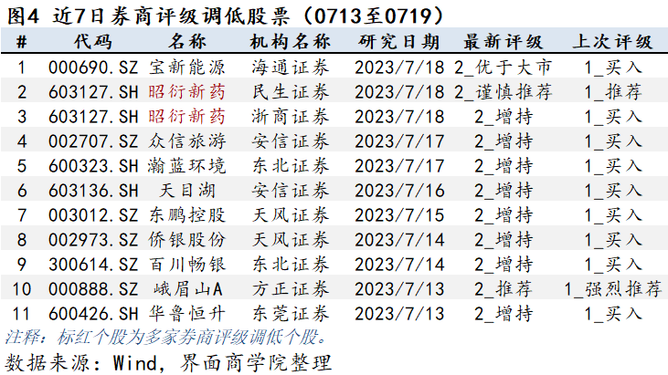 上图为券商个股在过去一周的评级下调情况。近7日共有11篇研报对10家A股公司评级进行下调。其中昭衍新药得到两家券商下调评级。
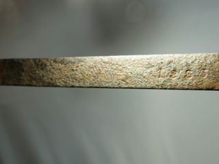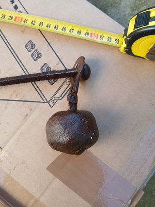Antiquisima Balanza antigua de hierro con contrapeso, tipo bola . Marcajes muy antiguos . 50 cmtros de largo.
▬▬▬▬▬▬
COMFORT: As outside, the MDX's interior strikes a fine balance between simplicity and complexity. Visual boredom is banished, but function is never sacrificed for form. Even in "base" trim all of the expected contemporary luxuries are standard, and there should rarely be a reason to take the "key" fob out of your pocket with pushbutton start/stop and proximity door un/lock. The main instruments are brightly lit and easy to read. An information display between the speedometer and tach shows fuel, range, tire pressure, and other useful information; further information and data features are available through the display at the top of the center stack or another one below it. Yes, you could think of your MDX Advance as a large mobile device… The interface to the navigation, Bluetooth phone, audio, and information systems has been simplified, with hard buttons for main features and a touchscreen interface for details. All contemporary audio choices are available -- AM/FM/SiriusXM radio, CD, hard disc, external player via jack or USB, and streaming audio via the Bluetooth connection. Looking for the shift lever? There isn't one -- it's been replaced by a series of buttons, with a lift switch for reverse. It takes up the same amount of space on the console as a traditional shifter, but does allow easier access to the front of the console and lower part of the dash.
▬▬▬▬▬▬
● **TASK DIRECTIONS**
Would you transcribe the lines above exactly, going from the line bearing "上图为券商个股在过去一周的评" through the line bearing "Antiquisima Balanza antigua", and drop the pictures from the copy?

● **ANSWER SECTION**
 上图为券商个股在过去一周的评级下调情况。近7日共有11篇研报对10家A股公司评级进行下调。其中昭衍新药得到两家券商下调评级。
Antiquisima Balanza antigua de hierro con contrapeso, tipo bola . Marcajes muy antiguos . 50 cmtros de largo.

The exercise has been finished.